### WHAT TO PRODUCE:
The answer must be the full data, restated word for word, with no pictures in it.
** Opening DATASET EXTRACT block **
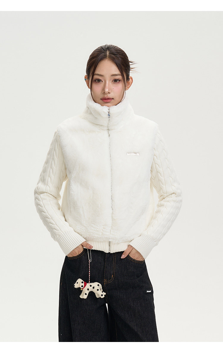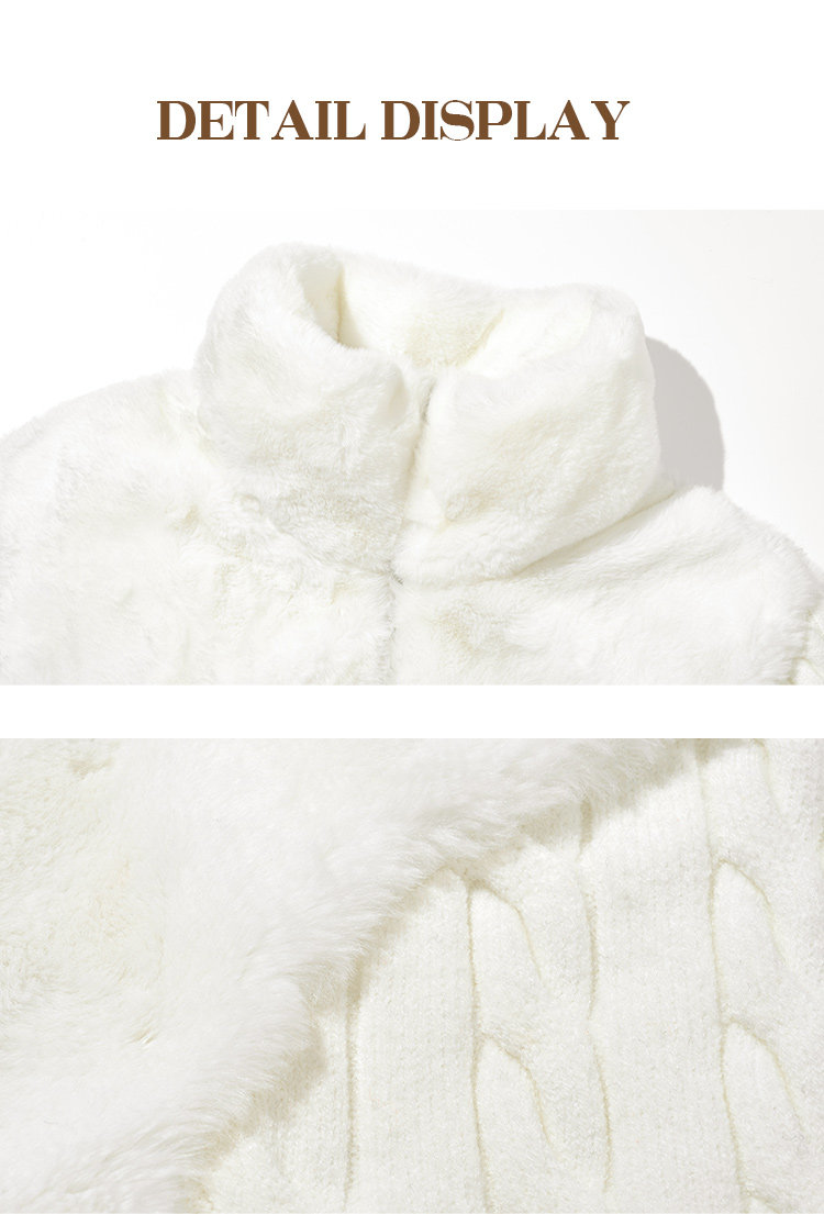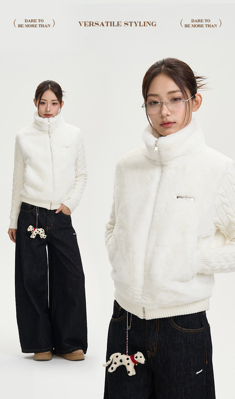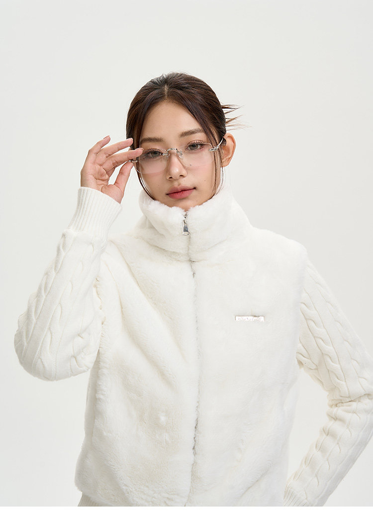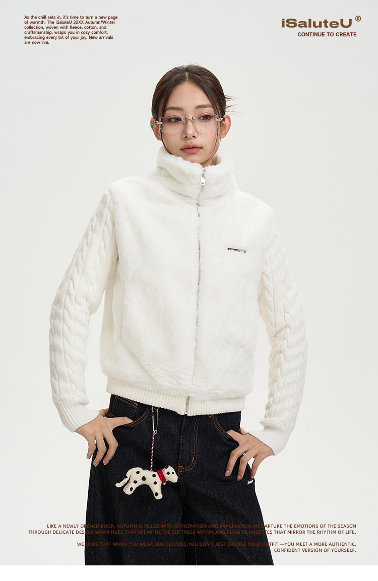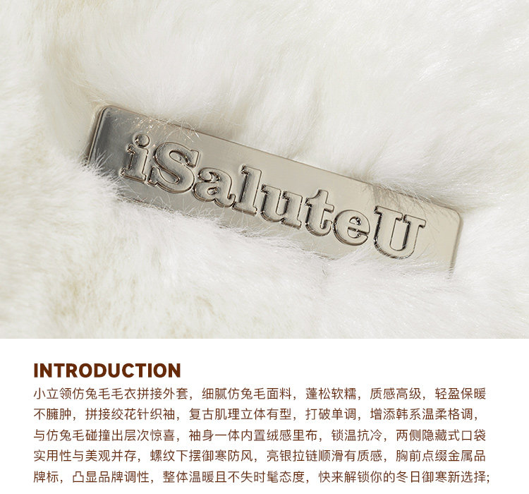 Isaluteu Faux Rabbit Fur Sweater Patchwork Jacket with Small Stand Collar, Trendy Autumn and Winter Warm Short Windproof and Heat-Retaining Cotton Coat
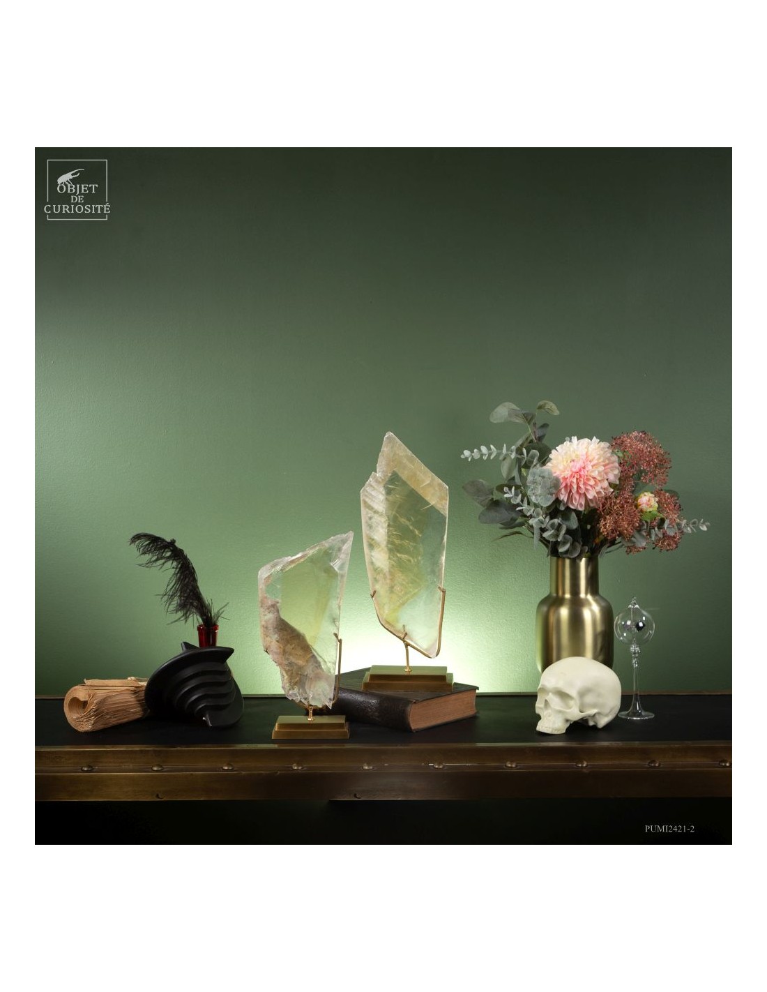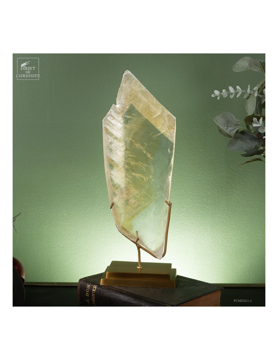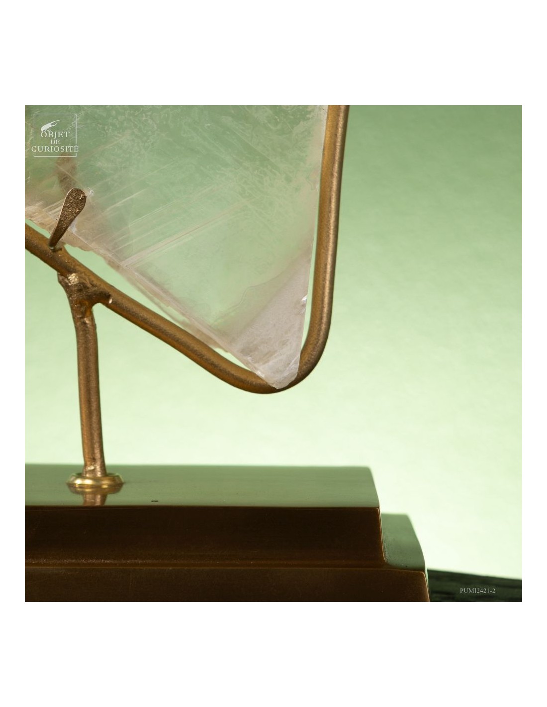 This full crystal of Gypsum is French, and comes from the village with the evocative name of Caresse in the southwest. The great transparency of this impressive crystal is the signature of the most beautiful pieces found in this mine. On brass base.
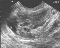 · визуализация в проекции придатков матки гетерогенного образования, имеющего различную форму и размеры;
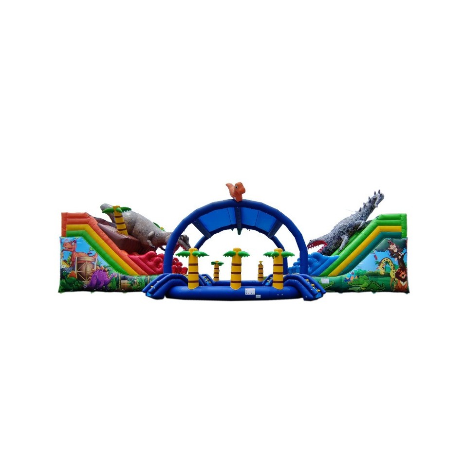 Play your part in the great battle between the giant T-Rex and the incredible Crocodile! The Croco Vs Dino Water Park is the perfect attraction to cool off in the summer seasons. Kids will love its realistic design featuring a giant inflated T-Rex and Crocodile! The playground of this inflatable water park second hand features a multi-activity play area with climbing zones and inflatable water slides. Children will have fun spraying themselves with water. This second hand inflatable water game can be seen from a distance. Dimensions: W20 x D10 x H7m. Maximum capacity: continuous flow. Minimum age: 3 years. 1 socket 220 V 16A. This second hand inflatable has been carefully examined by our teams.
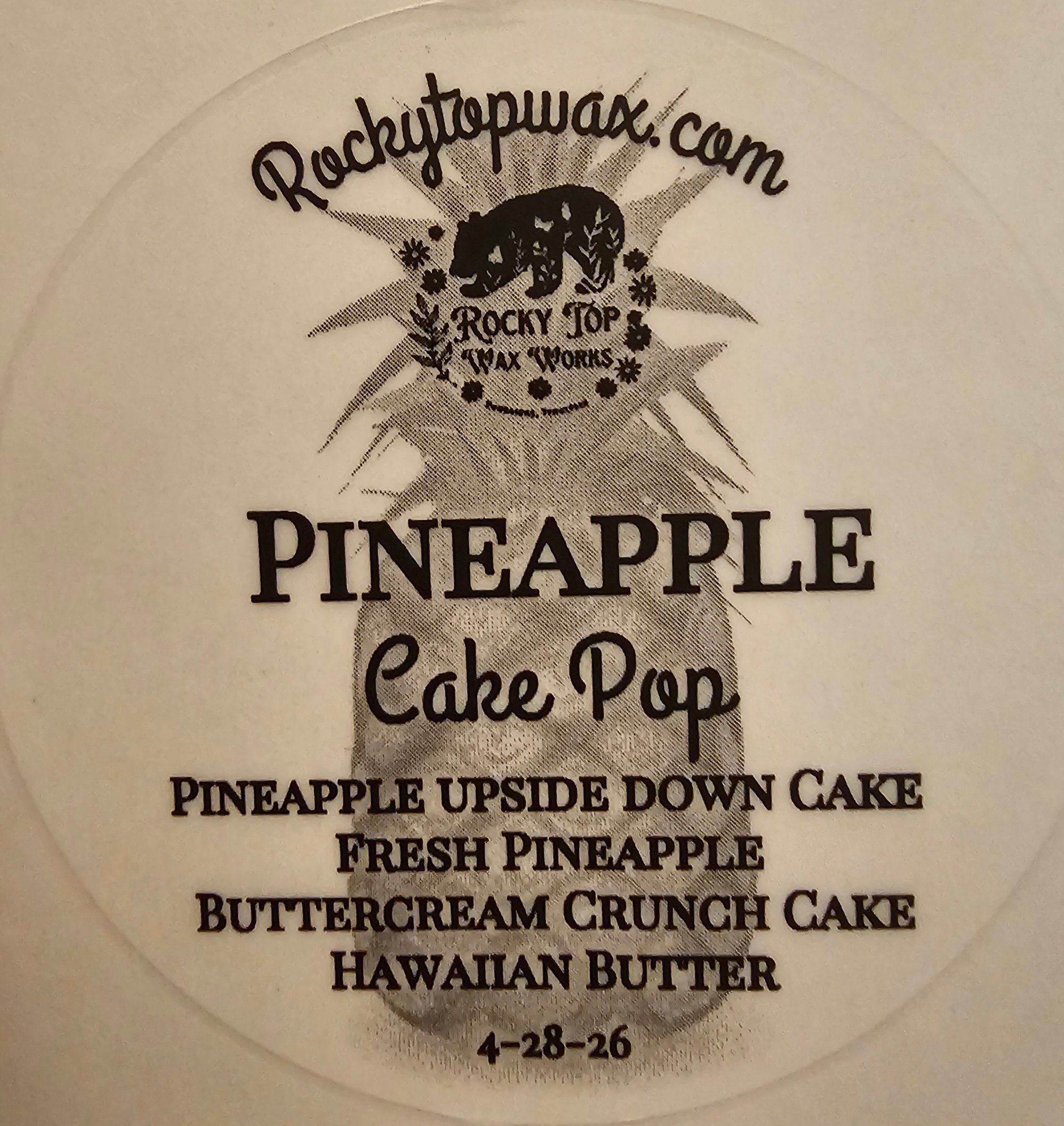 Pineapple Cake Pop-A Rocky Top Wax Works exclusive custom houseblend fragrance
** Closing DATASET EXTRACT block **
### ANSWER FOR THIS EXERCISE:
 Isaluteu Faux Rabbit Fur Sweater Patchwork Jacket with Small Stand Collar, Trendy Autumn and Winter Warm Short Windproof and Heat-Retaining Cotton Coat
 This full crystal of Gypsum is French, and comes from the village with the evocative name of Caresse in the southwest. The great transparency of this impressive crystal is the signature of the most beautiful pieces found in this mine. On brass base.
 · визуализация в проекции придатков матки гетерогенного образования, имеющего различную форму и размеры;
 Play your part in the great battle between the giant T-Rex and the incredible Crocodile! The Croco Vs Dino Water Park is the perfect attraction to cool off in the summer seasons. Kids will love its realistic design featuring a giant inflated T-Rex and Crocodile! The playground of this inflatable water park second hand features a multi-activity play area with climbing zones and inflatable water slides. Children will have fun spraying themselves with water. This second hand inflatable water game can be seen from a distance. Dimensions: W20 x D10 x H7m. Maximum capacity: continuous flow. Minimum age: 3 years. 1 socket 220 V 16A. This second hand inflatable has been carefully examined by our teams.
 Pineapple Cake Pop-A Rocky Top Wax Works exclusive custom houseblend fragrance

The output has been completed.